Dataset entries below:

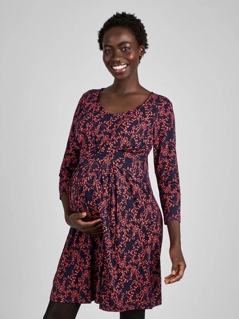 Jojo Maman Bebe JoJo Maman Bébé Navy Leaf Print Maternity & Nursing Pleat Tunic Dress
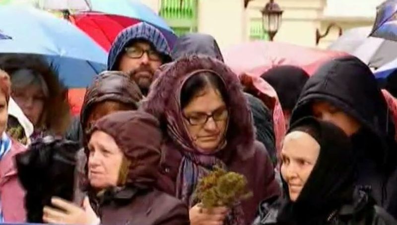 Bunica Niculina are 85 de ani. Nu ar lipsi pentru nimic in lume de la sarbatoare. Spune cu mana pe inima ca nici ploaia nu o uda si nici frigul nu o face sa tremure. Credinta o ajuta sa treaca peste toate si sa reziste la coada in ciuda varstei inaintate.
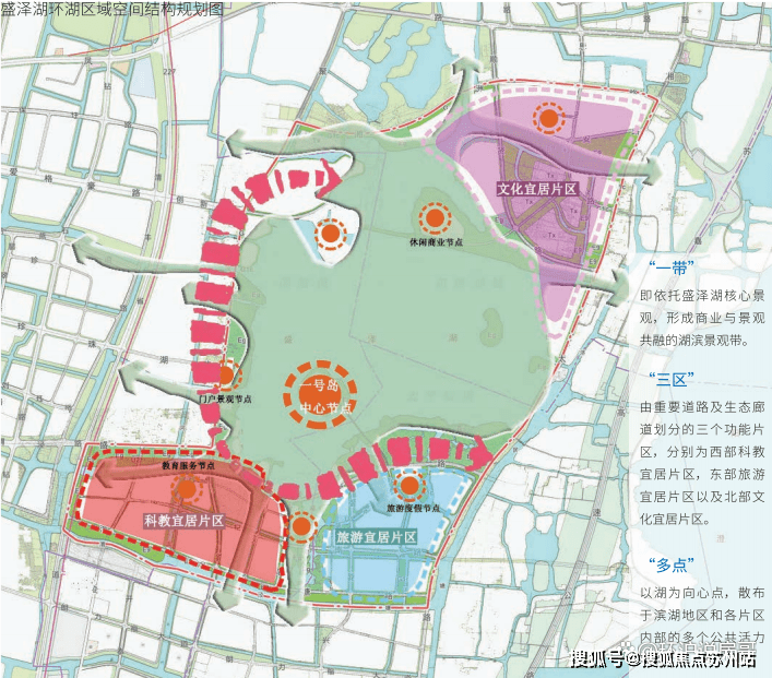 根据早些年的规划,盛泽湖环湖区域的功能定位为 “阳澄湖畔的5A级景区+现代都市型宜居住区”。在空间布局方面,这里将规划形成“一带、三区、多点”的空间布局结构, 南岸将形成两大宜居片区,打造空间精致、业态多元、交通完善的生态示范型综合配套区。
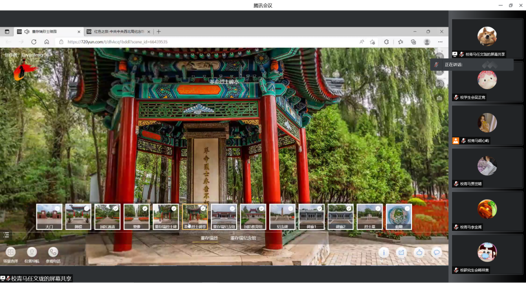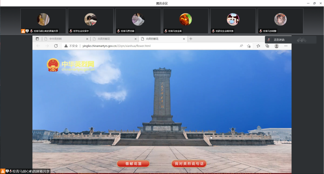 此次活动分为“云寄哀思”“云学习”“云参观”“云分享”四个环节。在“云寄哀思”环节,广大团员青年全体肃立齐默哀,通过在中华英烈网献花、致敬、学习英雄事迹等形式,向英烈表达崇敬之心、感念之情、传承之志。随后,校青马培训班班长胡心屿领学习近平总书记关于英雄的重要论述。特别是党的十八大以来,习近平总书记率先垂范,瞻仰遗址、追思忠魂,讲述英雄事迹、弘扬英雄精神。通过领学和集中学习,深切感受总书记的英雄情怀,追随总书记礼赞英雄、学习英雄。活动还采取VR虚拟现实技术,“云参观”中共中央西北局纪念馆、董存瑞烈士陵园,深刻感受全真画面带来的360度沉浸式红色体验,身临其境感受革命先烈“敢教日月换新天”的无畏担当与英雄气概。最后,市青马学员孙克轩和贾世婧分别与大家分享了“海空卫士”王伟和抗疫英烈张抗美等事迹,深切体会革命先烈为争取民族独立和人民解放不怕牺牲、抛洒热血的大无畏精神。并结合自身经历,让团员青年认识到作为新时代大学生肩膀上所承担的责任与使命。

End of Dataset entries.
Dataset entries below:

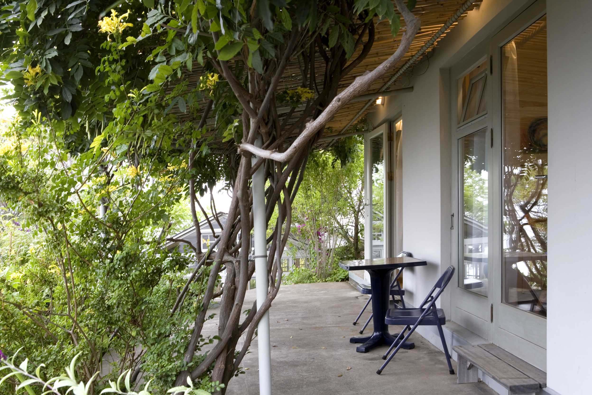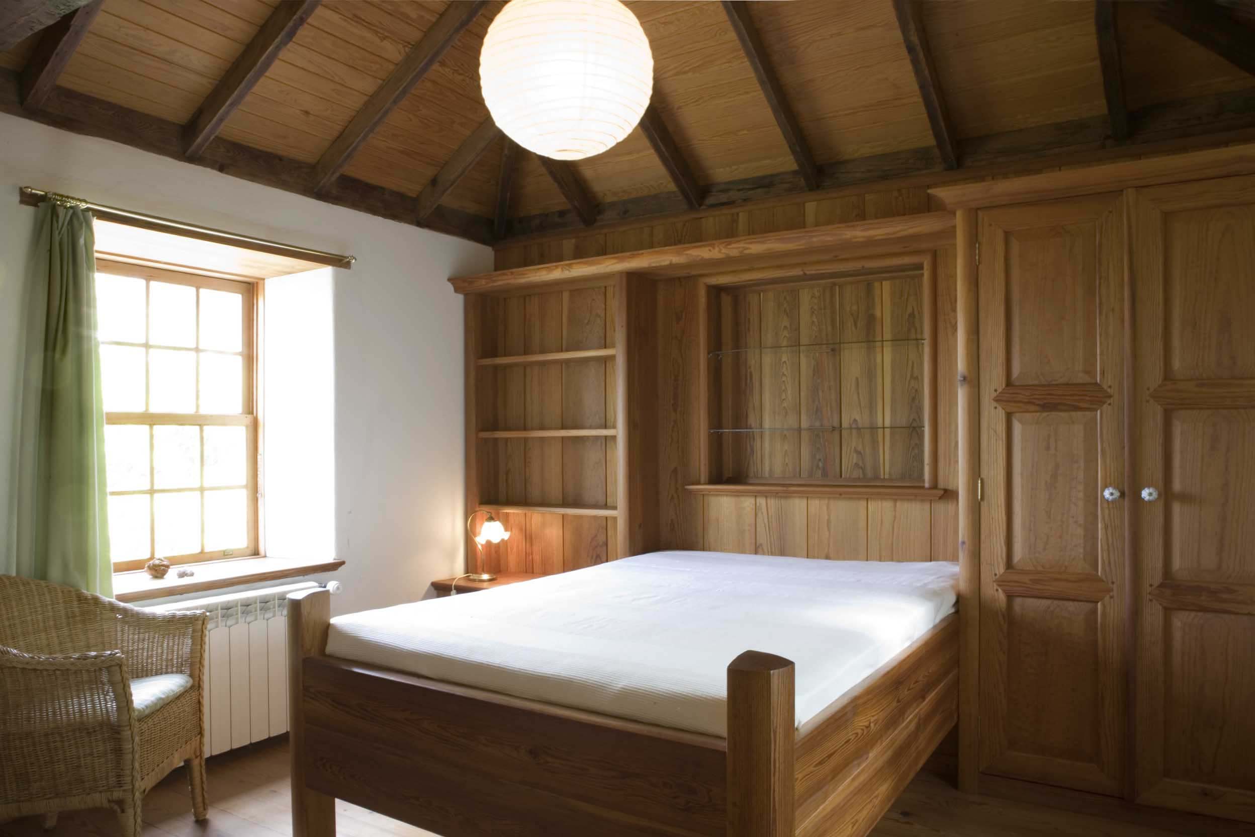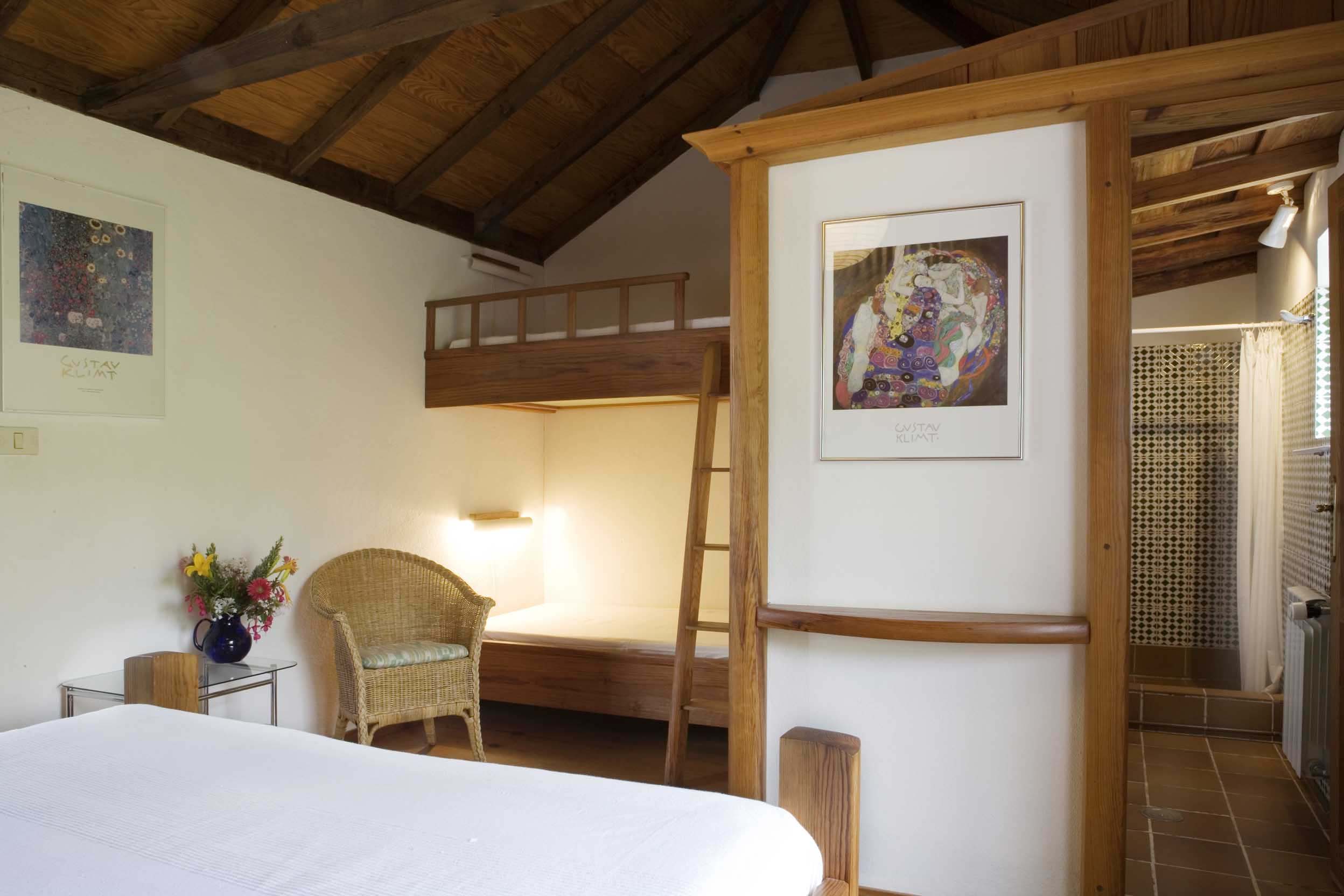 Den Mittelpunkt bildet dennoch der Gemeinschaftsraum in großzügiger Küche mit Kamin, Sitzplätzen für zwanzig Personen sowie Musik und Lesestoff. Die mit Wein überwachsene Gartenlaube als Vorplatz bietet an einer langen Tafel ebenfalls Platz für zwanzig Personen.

End of Dataset entries.
Dataset entries below:

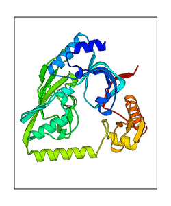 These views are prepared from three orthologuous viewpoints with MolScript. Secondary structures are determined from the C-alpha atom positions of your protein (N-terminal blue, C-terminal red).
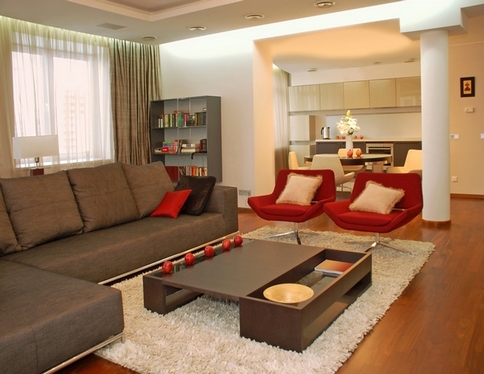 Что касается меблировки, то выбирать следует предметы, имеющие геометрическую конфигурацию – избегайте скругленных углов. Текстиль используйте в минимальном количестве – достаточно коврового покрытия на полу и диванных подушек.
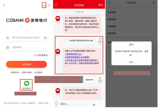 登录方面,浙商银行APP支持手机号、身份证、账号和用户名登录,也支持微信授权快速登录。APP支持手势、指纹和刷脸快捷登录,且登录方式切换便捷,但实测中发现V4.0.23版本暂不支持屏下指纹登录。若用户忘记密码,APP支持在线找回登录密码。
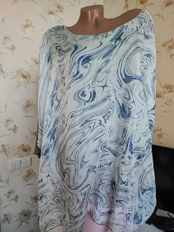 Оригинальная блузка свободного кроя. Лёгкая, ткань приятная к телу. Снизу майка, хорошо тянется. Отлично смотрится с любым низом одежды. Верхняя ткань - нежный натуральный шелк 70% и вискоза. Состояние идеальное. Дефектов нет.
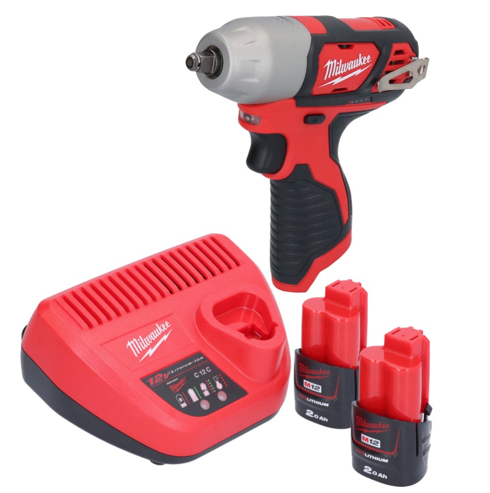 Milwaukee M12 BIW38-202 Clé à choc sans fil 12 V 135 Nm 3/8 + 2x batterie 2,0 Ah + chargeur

End of Dataset entries.

Go down the entries above from the line containing "登录方面,浙商银行APP支持" to the line containing "Milwaukee M12 BIW38-202" and write out each line exactly, leaving pictures out.

 登录方面,浙商银行APP支持手机号、身份证、账号和用户名登录,也支持微信授权快速登录。APP支持手势、指纹和刷脸快捷登录,且登录方式切换便捷,但实测中发现V4.0.23版本暂不支持屏下指纹登录。若用户忘记密码,APP支持在线找回登录密码。
 Оригинальная блузка свободного кроя. Лёгкая, ткань приятная к телу. Снизу майка, хорошо тянется. Отлично смотрится с любым низом одежды. Верхняя ткань - нежный натуральный шелк 70% и вискоза. Состояние идеальное. Дефектов нет.
 Milwaukee M12 BIW38-202 Clé à choc sans fil 12 V 135 Nm 3/8 + 2x batterie 2,0 Ah + chargeur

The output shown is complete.